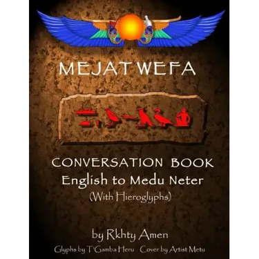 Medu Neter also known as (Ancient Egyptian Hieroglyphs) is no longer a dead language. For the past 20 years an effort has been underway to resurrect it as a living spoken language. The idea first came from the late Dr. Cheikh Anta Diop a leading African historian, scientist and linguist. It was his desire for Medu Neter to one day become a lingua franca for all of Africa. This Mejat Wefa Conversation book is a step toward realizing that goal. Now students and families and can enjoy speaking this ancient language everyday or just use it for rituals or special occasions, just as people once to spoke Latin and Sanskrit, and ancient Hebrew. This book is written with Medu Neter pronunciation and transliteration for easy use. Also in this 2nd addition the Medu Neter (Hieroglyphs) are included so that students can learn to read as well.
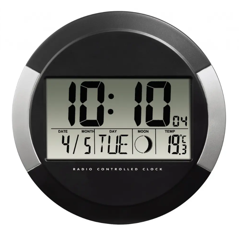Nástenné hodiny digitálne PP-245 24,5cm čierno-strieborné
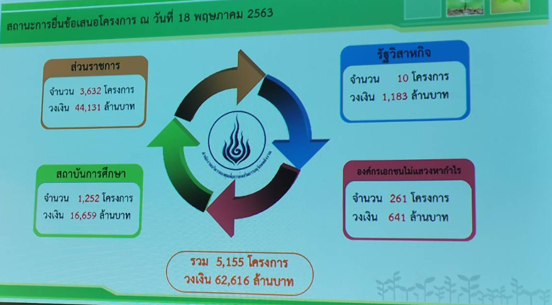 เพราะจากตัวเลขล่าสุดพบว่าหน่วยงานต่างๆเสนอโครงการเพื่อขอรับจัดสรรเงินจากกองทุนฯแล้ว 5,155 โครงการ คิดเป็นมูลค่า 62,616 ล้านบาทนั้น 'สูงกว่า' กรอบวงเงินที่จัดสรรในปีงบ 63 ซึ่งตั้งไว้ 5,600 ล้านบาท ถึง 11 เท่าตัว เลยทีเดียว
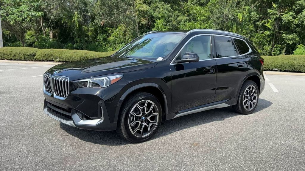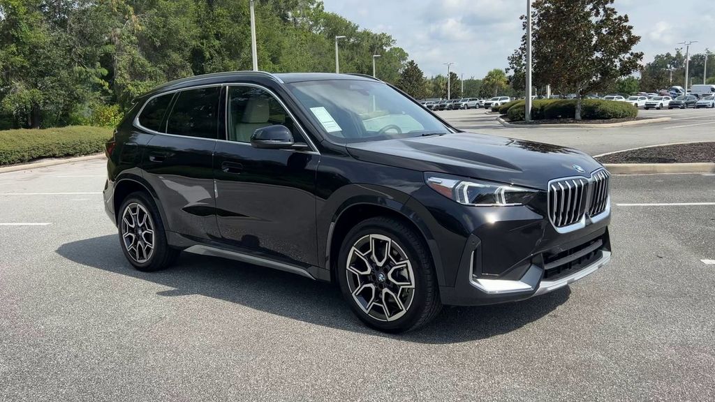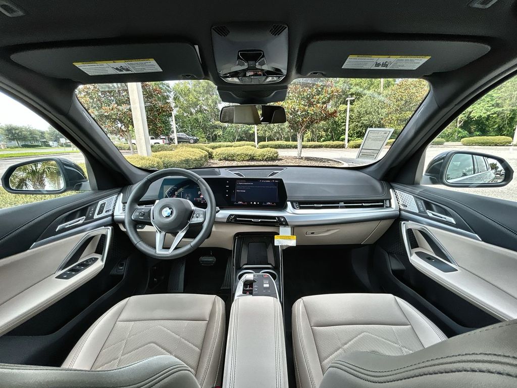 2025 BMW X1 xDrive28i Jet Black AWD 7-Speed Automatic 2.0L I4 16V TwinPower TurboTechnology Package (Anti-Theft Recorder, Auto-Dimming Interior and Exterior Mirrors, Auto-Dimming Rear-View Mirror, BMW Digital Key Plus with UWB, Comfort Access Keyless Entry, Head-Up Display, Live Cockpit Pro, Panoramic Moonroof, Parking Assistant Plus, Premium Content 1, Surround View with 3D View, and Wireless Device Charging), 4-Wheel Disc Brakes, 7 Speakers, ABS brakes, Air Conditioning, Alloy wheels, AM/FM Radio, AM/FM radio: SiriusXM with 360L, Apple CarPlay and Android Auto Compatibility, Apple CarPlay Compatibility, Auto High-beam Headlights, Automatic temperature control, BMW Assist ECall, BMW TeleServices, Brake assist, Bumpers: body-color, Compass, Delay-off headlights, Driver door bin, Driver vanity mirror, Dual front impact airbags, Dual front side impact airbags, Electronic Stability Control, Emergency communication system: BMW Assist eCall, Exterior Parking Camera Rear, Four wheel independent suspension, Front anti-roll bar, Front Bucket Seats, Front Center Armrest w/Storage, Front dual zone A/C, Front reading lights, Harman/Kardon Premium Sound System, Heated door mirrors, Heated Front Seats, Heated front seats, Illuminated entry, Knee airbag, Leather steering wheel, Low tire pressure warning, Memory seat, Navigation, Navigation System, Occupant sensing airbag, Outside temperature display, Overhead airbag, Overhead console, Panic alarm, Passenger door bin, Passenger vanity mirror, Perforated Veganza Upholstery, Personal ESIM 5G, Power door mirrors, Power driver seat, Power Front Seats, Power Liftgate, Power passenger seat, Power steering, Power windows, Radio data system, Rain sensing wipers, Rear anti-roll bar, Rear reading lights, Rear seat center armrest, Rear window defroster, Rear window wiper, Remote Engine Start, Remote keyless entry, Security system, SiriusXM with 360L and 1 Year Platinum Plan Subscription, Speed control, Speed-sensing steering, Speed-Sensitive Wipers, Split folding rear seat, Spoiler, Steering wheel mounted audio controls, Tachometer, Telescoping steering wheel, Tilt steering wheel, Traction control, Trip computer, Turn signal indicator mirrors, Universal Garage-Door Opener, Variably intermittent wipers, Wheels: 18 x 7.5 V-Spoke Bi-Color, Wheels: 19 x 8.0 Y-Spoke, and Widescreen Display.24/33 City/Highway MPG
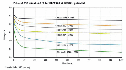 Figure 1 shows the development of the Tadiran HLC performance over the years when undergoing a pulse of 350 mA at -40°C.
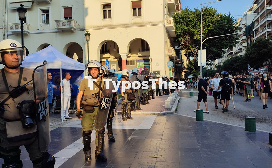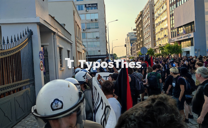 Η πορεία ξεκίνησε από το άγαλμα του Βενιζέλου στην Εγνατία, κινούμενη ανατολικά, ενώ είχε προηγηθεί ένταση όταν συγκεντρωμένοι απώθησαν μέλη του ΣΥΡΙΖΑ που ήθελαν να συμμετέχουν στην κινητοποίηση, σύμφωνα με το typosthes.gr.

ASSIGNMENT:
In the answer, the entries should be restated verbatim, with all pictures omitted.

RESULT FOR THIS TASK:
 Medu Neter also known as (Ancient Egyptian Hieroglyphs) is no longer a dead language. For the past 20 years an effort has been underway to resurrect it as a living spoken language. The idea first came from the late Dr. Cheikh Anta Diop a leading African historian, scientist and linguist. It was his desire for Medu Neter to one day become a lingua franca for all of Africa. This Mejat Wefa Conversation book is a step toward realizing that goal. Now students and families and can enjoy speaking this ancient language everyday or just use it for rituals or special occasions, just as people once to spoke Latin and Sanskrit, and ancient Hebrew. This book is written with Medu Neter pronunciation and transliteration for easy use. Also in this 2nd addition the Medu Neter (Hieroglyphs) are included so that students can learn to read as well.
Nástenné hodiny digitálne PP-245 24,5cm čierno-strieborné
 เพราะจากตัวเลขล่าสุดพบว่าหน่วยงานต่างๆเสนอโครงการเพื่อขอรับจัดสรรเงินจากกองทุนฯแล้ว 5,155 โครงการ คิดเป็นมูลค่า 62,616 ล้านบาทนั้น 'สูงกว่า' กรอบวงเงินที่จัดสรรในปีงบ 63 ซึ่งตั้งไว้ 5,600 ล้านบาท ถึง 11 เท่าตัว เลยทีเดียว
 2025 BMW X1 xDrive28i Jet Black AWD 7-Speed Automatic 2.0L I4 16V TwinPower TurboTechnology Package (Anti-Theft Recorder, Auto-Dimming Interior and Exterior Mirrors, Auto-Dimming Rear-View Mirror, BMW Digital Key Plus with UWB, Comfort Access Keyless Entry, Head-Up Display, Live Cockpit Pro, Panoramic Moonroof, Parking Assistant Plus, Premium Content 1, Surround View with 3D View, and Wireless Device Charging), 4-Wheel Disc Brakes, 7 Speakers, ABS brakes, Air Conditioning, Alloy wheels, AM/FM Radio, AM/FM radio: SiriusXM with 360L, Apple CarPlay and Android Auto Compatibility, Apple CarPlay Compatibility, Auto High-beam Headlights, Automatic temperature control, BMW Assist ECall, BMW TeleServices, Brake assist, Bumpers: body-color, Compass, Delay-off headlights, Driver door bin, Driver vanity mirror, Dual front impact airbags, Dual front side impact airbags, Electronic Stability Control, Emergency communication system: BMW Assist eCall, Exterior Parking Camera Rear, Four wheel independent suspension, Front anti-roll bar, Front Bucket Seats, Front Center Armrest w/Storage, Front dual zone A/C, Front reading lights, Harman/Kardon Premium Sound System, Heated door mirrors, Heated Front Seats, Heated front seats, Illuminated entry, Knee airbag, Leather steering wheel, Low tire pressure warning, Memory seat, Navigation, Navigation System, Occupant sensing airbag, Outside temperature display, Overhead airbag, Overhead console, Panic alarm, Passenger door bin, Passenger vanity mirror, Perforated Veganza Upholstery, Personal ESIM 5G, Power door mirrors, Power driver seat, Power Front Seats, Power Liftgate, Power passenger seat, Power steering, Power windows, Radio data system, Rain sensing wipers, Rear anti-roll bar, Rear reading lights, Rear seat center armrest, Rear window defroster, Rear window wiper, Remote Engine Start, Remote keyless entry, Security system, SiriusXM with 360L and 1 Year Platinum Plan Subscription, Speed control, Speed-sensing steering, Speed-Sensitive Wipers, Split folding rear seat, Spoiler, Steering wheel mounted audio controls, Tachometer, Telescoping steering wheel, Tilt steering wheel, Traction control, Trip computer, Turn signal indicator mirrors, Universal Garage-Door Opener, Variably intermittent wipers, Wheels: 18 x 7.5 V-Spoke Bi-Color, Wheels: 19 x 8.0 Y-Spoke, and Widescreen Display.24/33 City/Highway MPG
 Figure 1 shows the development of the Tadiran HLC performance over the years when undergoing a pulse of 350 mA at -40°C.
 Η πορεία ξεκίνησε από το άγαλμα του Βενιζέλου στην Εγνατία, κινούμενη ανατολικά, ενώ είχε προηγηθεί ένταση όταν συγκεντρωμένοι απώθησαν μέλη του ΣΥΡΙΖΑ που ήθελαν να συμμετέχουν στην κινητοποίηση, σύμφωνα με το typosthes.gr.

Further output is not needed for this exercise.